Trial to Evaluate the Efficacy and Safety of LYT-100 (Deupirfenidone) Compared to Pirfenidone in Adults With Idiopathic Pulmonary Fibrosis (IPF) (SURPASS-IPF)

Inclusion Criteria:

• Is ≥40 years of age at the time of informed consent.
• Meets the diagnostic criteria of IPF American Thoracic Society (ATS)/European Respiratory Society (ERS)/Japanese Respiratory Society (JRS)/Latin American Thoracic Society (ALAT) 2022 guidelines.
• Has a maximum time from initial IPF diagnosis of 7 years.
• Has no prior exposure to pirfenidone or LYT-100, and has <12 months of prior exposure to nintedanib or any other approved antifibrotic therapies.
• Has definite or probable unusual interstitial pneumonia (UIP) on HRCT, performed within 12 months prior to Visit 1 and confirmed by the central reader.
• Has an FVC ≥45% of predicted normal at Visit 1.

Exclusion Criteria:

• Has, in the opinion of the Investigator, significant clinical worsening of IPF between Visit 1 and Visit 2.
• Has been hospitalized within 3 months prior to Visit 1 for acute exacerbation of IPF or other significant respiratory complication.
• Has prebronchodilator forced expiratory volume in 1 second (FEV1)/FVC <0.7 at Visit 1.
• Has a greater extent of emphysema vs fibrosis on the most recent HRCT scan as confirmed by the central reader.
• Has a diagnosis of any condition that could be an explanation for interstitial lung disease (ILD).
• Has a major extrapulmonary condition that could affect spirometry.
• Has a current diagnosis of other relevant respiratory disorders.
• Has significant pulmonary hypertension (PH).
• Has had a lung transplant.
• Has cardiovascular disease.
• Has underlying chronic liver disease/impairment.
• Has relevant chronic or acute infections including active viral hepatitis or poorly controlled HIV.
• Has had any major surgical procedures performed within 6 weeks prior to Visit 1 or is planning to have a major surgical procedure during the study.
• Has any documented active or suspected malignancy or history of malignancy within 5 years prior to Visit 1.

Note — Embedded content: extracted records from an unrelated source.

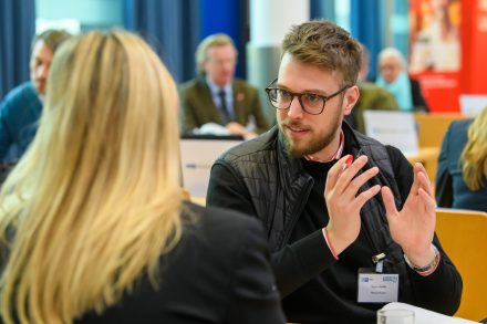 On 22 November 2018, the IHK Academy Munich hosted the Export Day Bavaria 250 participants received advice from German Chambers of Commerce Abroad (AHKs) from over 70 countries on foreign markets worldwide. Two startups from Munich were also present this year. The startups Spyra and Mr Beam Lasers each won a free ticket in the Export Day 2018 startup competition organized by the Chamber of Commerce and Industry for Munich and Upper Bavaria. Christian Neugebauer, speaker in the International, Industry, and Innovation division and member of the Startup Unit of the Chamber of Commerce and Industry for Munich and Upper Bavaria, spoke at the event with Marius Rudolf, Co-Founder, Business Development and Sales. Spyra and Teja Philipp, Founder and CEO of Mr Beam Lasers.
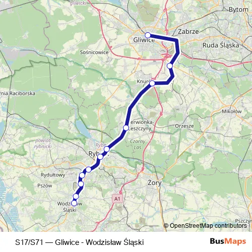Click here to view the nearest S17/S71 - Gliwice - Wodzisław Śląski rail stop.
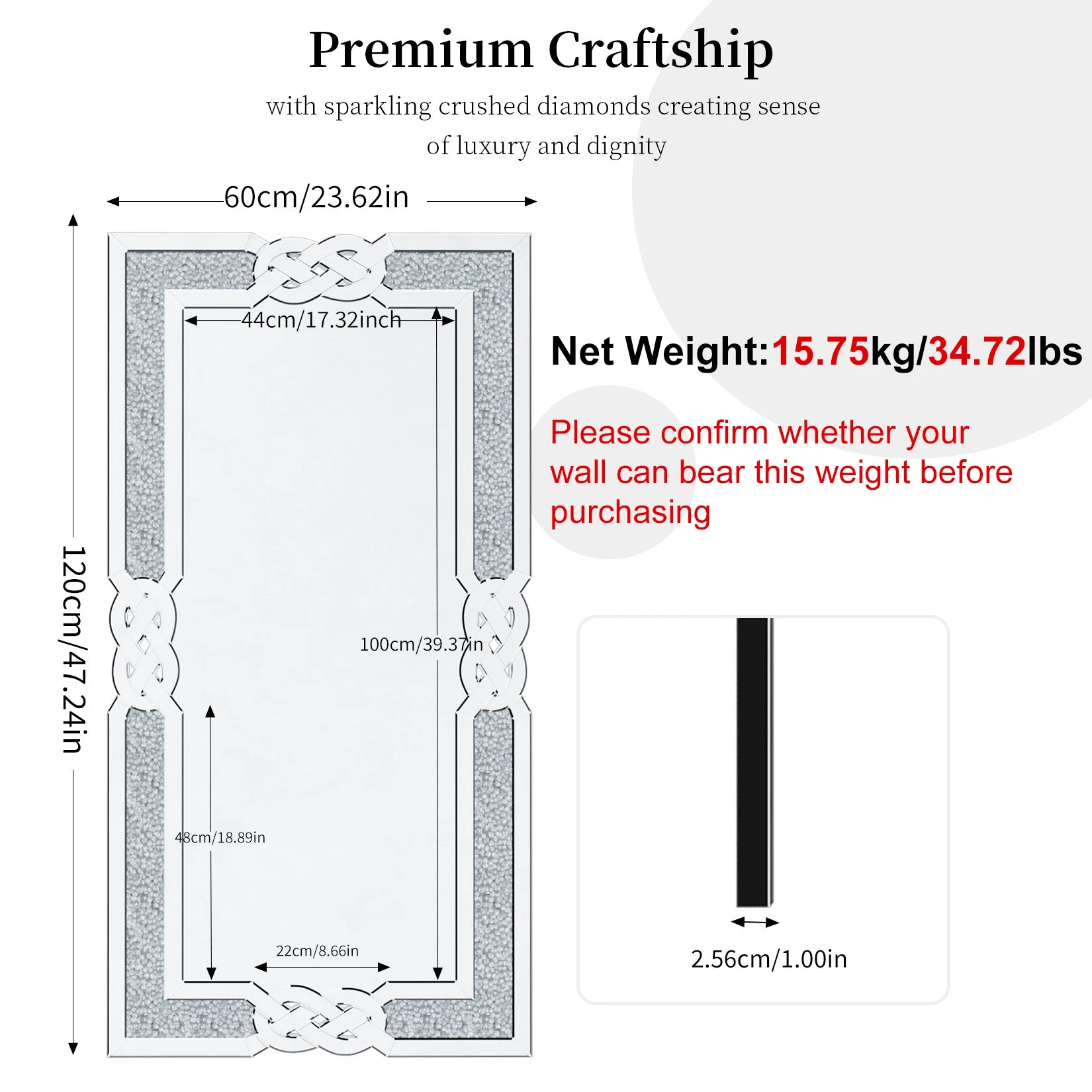 Hign-concerned Crystal Accent Rectangle Mirror Wall Decor
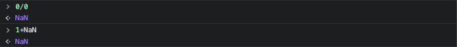 : 수학에서 0/0을 만드는 것은 의미가 없거나 불가능하므로 값을 정의할 수 없고 값을 지정할 수 없습니다. 따라서 JavaScript에서는 (0 나누기 0)이 NaN으로 표시됩니다. 인쇄된 NaN 타입은 문자로 보이지만 typeof로 확인해보면 숫자 타입임을 알 수 있습니다.
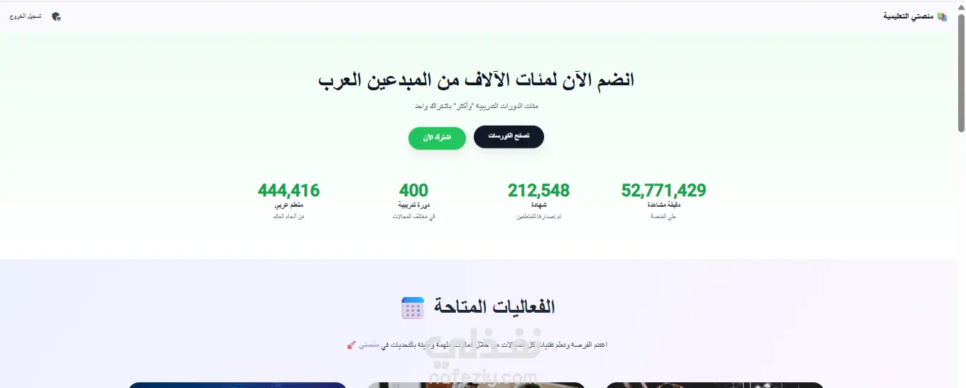 تصميم بسيط واحترافي يناسب النسخة المبدئية من المنصة التعليمية.
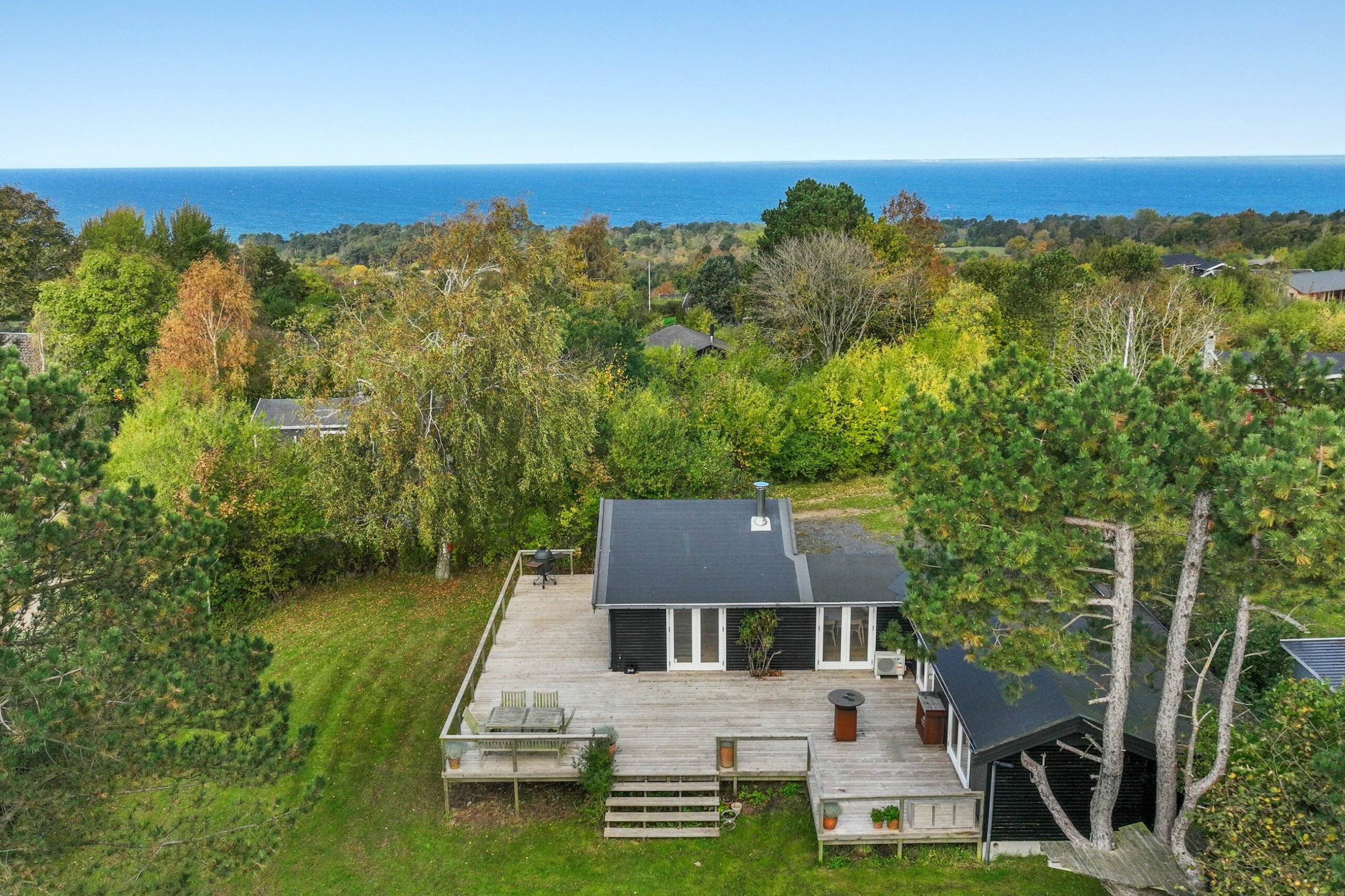 Sommerhuset på Vidarshøj ligger højt og tilbage i bakkerne, og har derfor udsigten over de fredede bakker til Ordrup Næs mod vest og det lange, lange kig ind i landet mod sydøst. Storslået er det at have udsigt hele vejen rundt om sig selv. Her ejer man udsigten sammen med guderne og himlens fugle, det bliver ikke meget bedre. Huset er fra 1970, men er ombygget til det klassiske, sorte træhussommerhus, det er i dag. Det er på 91 m2 (bebygget areal) med yderligere anneks på 12 m2. Der er læ på den store terrasse, og når påskefrokosten står på bordet, ja, så er sommeren i gang. Grunden er på 1.660 m2 og ligger op til fredede marker, her står bondemandens får og lam og drøvtygger græs med sørgmodige øjne hele sommeren. Vidarshøj er en grusvej, én af de knappenålsstille på toppen af istidslandskabet i Odsherred.

• Has any of the following laboratory abnormalities at Visit 1:

  • Aspartate aminotransferase (AST) or Alanine aminotransferase (ALT) >1.5 × upper limit of normal (ULN).
  • Total bilirubin >1.5 × ULN. Exceptions may be made on a case-by-case basis for participants with Gilbert's syndrome in consultation with the Medical Monitor.
  • Creatinine clearance <30 mL/min calculated by Cockcroft-Gault formula.
• Is currently taking prednisone at a steady dose >10 mg/day or equivalent (a steady dose ≤10 mg/day is not exclusionary but the individual must be on a stable dose for at least 30 days prior to Visit 2).
• Use of any tobacco or combustible cannabis products within 3 months prior to Visit 1 or is unable to refrain from use during the trial.
• Has known symptoms of dysphagia, difficulty in swallowing capsules or tablets, or has had a total gastrectomy.
• Is currently enrolled in another clinical study (except observational/registry or biobank studies) or has used any investigational drug or device within 90 days prior to Visit 1.
• Has ever received stem cell therapy for the treatment of pulmonary fibrosis.
• Is currently pregnant, breastfeeding, or is planning to become pregnant during the study.
• Has had any prior exposure to LYT-100 or pirfenidone (even one dose).